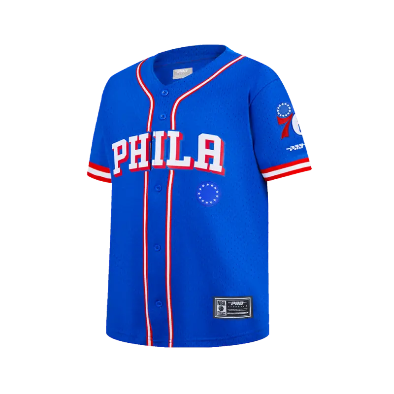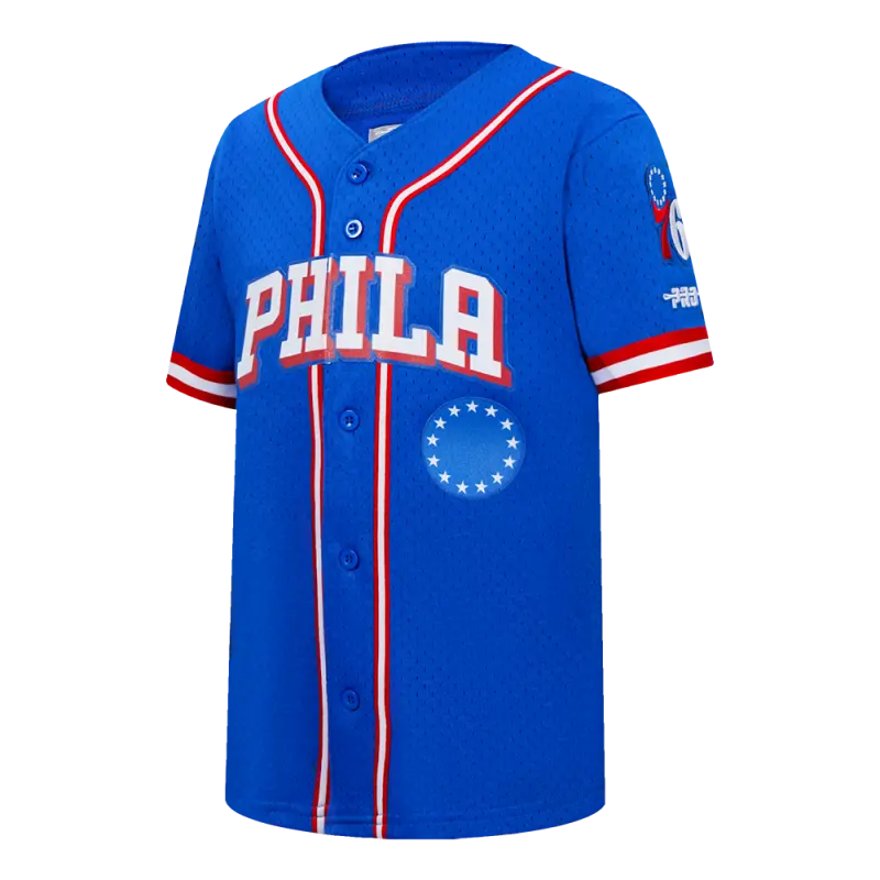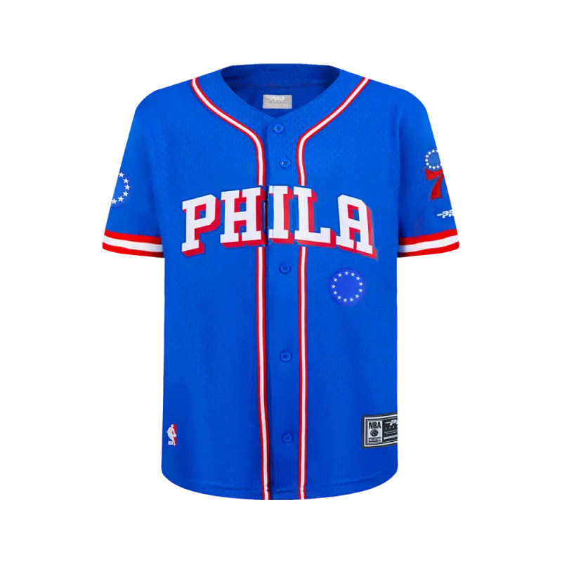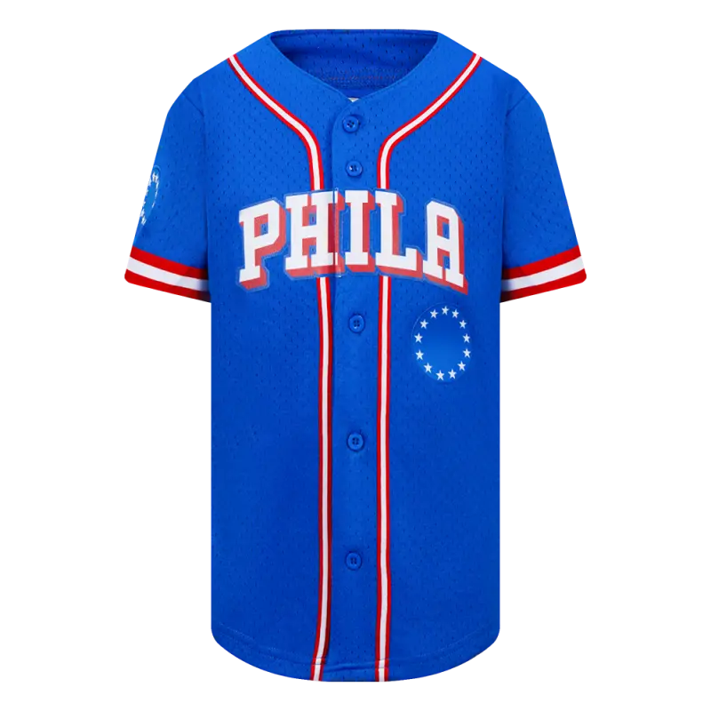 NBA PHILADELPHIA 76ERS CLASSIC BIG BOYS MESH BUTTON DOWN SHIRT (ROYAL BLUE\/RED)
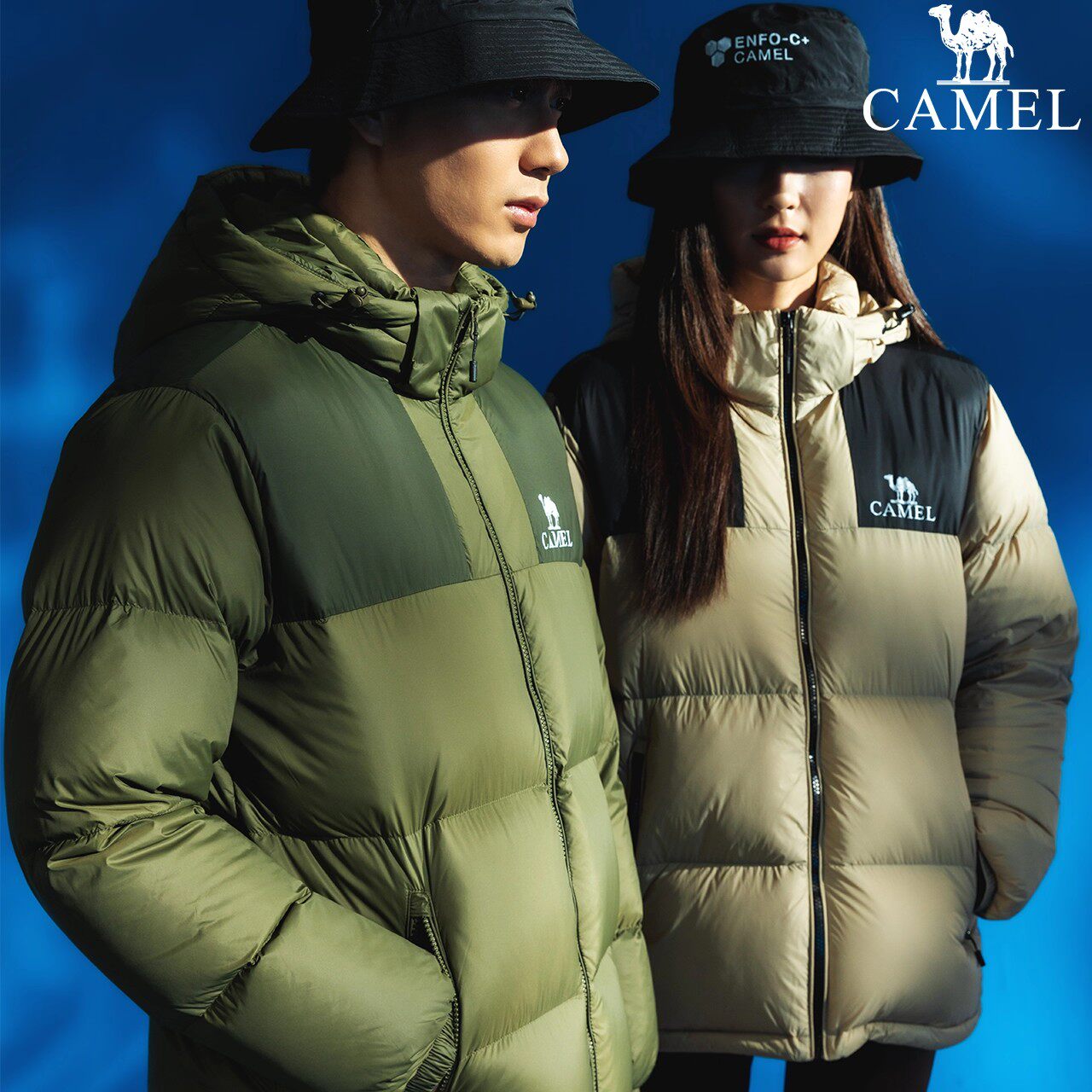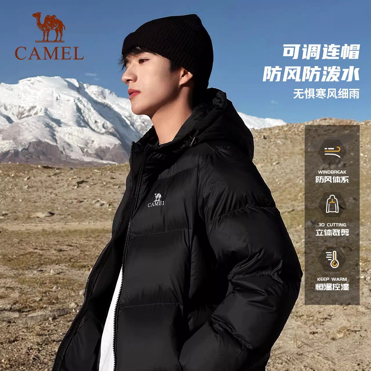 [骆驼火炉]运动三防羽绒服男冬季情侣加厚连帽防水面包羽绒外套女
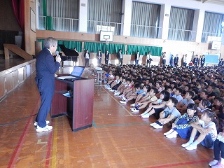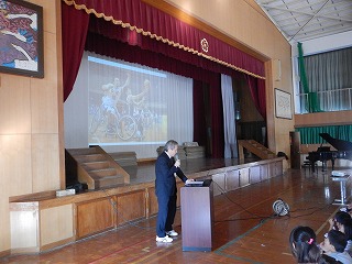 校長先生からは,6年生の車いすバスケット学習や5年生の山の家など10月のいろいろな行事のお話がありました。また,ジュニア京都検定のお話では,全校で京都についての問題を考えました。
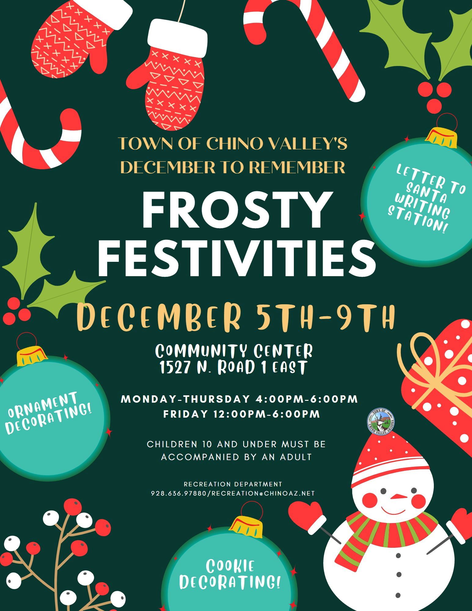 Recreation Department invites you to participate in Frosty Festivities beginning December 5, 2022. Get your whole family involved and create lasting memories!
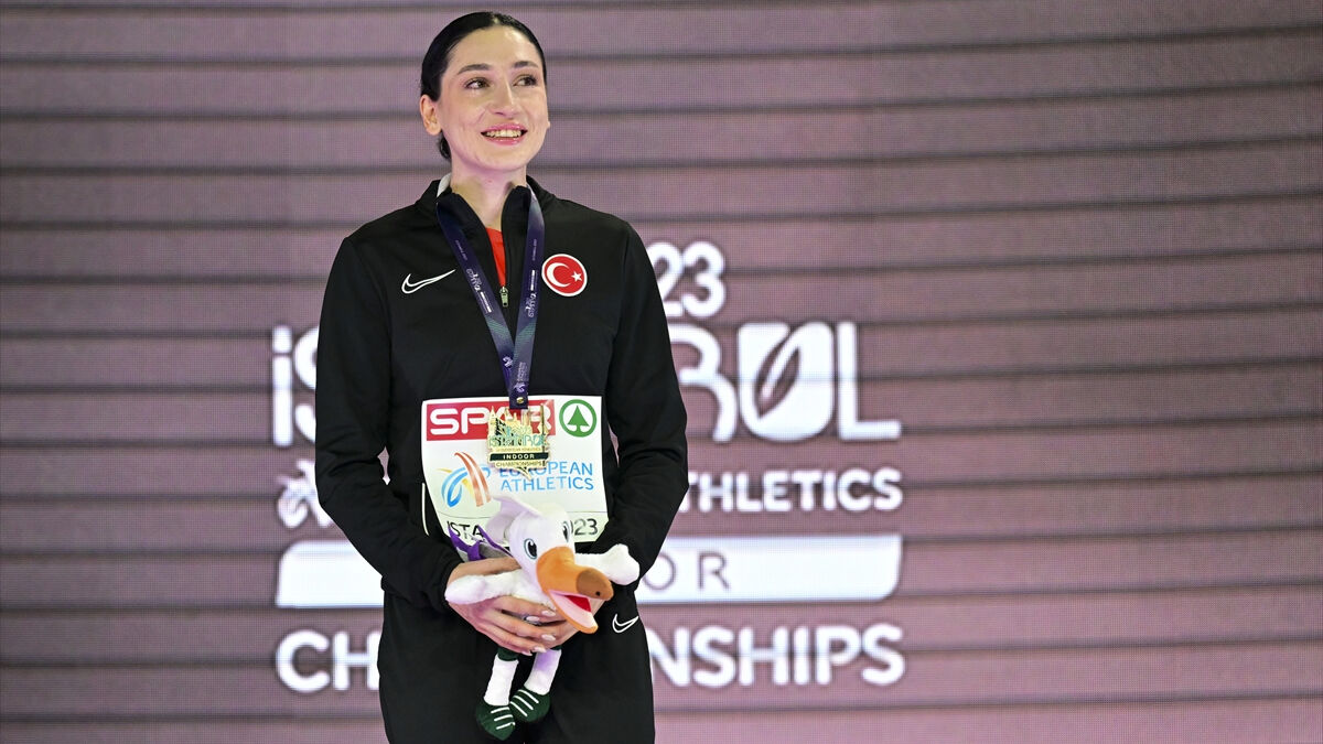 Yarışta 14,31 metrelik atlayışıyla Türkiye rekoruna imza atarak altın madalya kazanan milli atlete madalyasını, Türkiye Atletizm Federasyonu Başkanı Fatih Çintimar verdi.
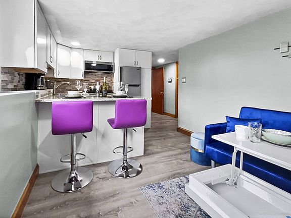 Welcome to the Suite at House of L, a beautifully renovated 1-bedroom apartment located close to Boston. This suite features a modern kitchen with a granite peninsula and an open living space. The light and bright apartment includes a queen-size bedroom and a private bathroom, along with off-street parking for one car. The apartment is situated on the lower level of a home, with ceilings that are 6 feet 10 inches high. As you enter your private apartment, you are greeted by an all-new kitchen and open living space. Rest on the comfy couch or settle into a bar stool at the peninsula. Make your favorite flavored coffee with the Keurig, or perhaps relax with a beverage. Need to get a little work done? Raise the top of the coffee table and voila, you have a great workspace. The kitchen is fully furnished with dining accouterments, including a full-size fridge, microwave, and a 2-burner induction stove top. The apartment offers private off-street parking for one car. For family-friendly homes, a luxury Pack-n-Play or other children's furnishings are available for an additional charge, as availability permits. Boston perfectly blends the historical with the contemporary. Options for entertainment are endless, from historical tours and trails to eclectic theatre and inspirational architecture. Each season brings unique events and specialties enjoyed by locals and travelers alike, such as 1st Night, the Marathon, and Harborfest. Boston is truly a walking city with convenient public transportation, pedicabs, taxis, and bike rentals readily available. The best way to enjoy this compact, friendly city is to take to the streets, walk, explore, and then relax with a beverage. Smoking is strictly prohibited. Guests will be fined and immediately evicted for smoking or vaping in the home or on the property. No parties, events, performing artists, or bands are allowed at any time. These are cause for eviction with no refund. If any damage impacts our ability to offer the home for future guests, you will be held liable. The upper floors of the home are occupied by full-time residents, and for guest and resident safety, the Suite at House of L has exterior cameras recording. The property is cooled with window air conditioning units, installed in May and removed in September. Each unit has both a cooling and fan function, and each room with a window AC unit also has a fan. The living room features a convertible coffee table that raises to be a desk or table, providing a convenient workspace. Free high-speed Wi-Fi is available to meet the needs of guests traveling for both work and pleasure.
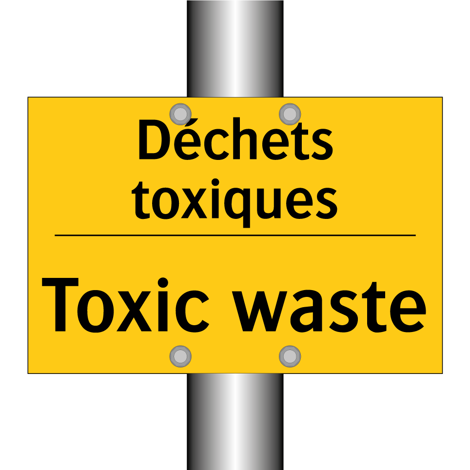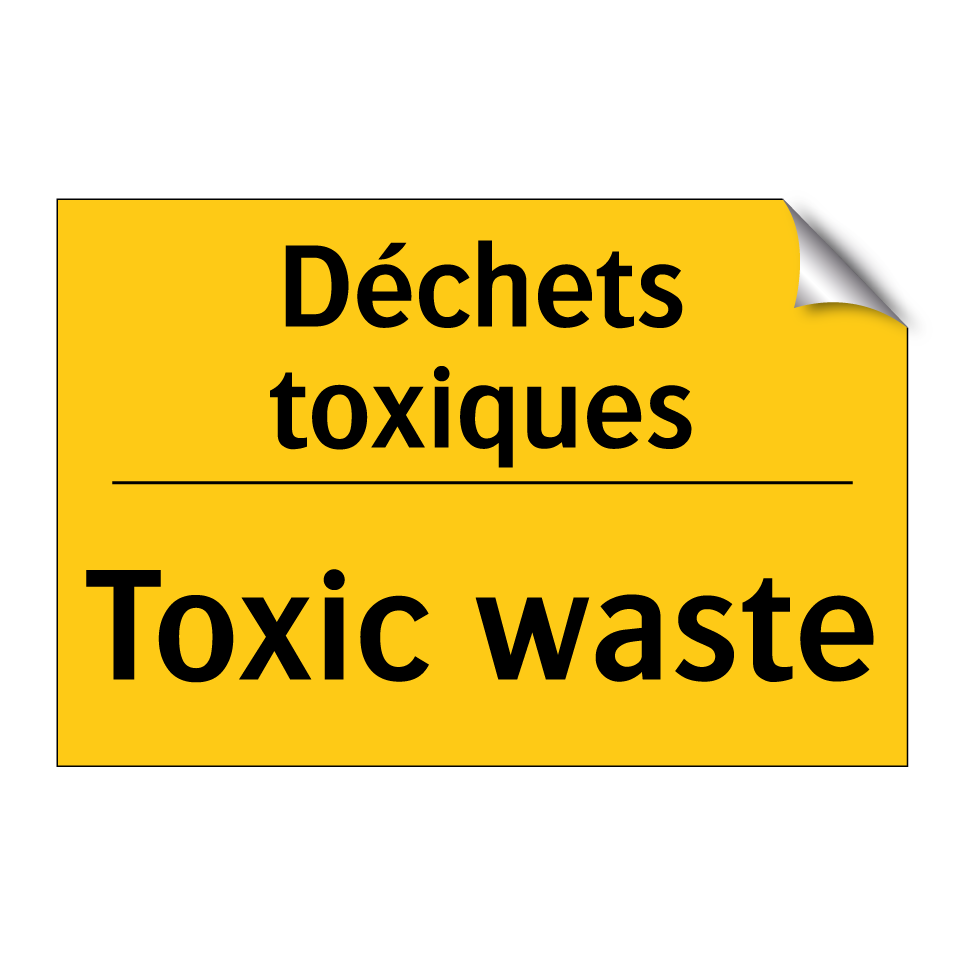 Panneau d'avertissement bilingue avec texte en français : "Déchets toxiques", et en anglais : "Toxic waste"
════════
**WHAT THIS TASK INVOLVES**:
Above are the records; return the lines in them from the one with "校長先生からは,6年生の車い" to the one with "Recreation Department invites", inclusive, exactly and without images.

**TASK RESULT**:
 校長先生からは,6年生の車いすバスケット学習や5年生の山の家など10月のいろいろな行事のお話がありました。また,ジュニア京都検定のお話では,全校で京都についての問題を考えました。
 Recreation Department invites you to participate in Frosty Festivities beginning December 5, 2022. Get your whole family involved and create lasting memories!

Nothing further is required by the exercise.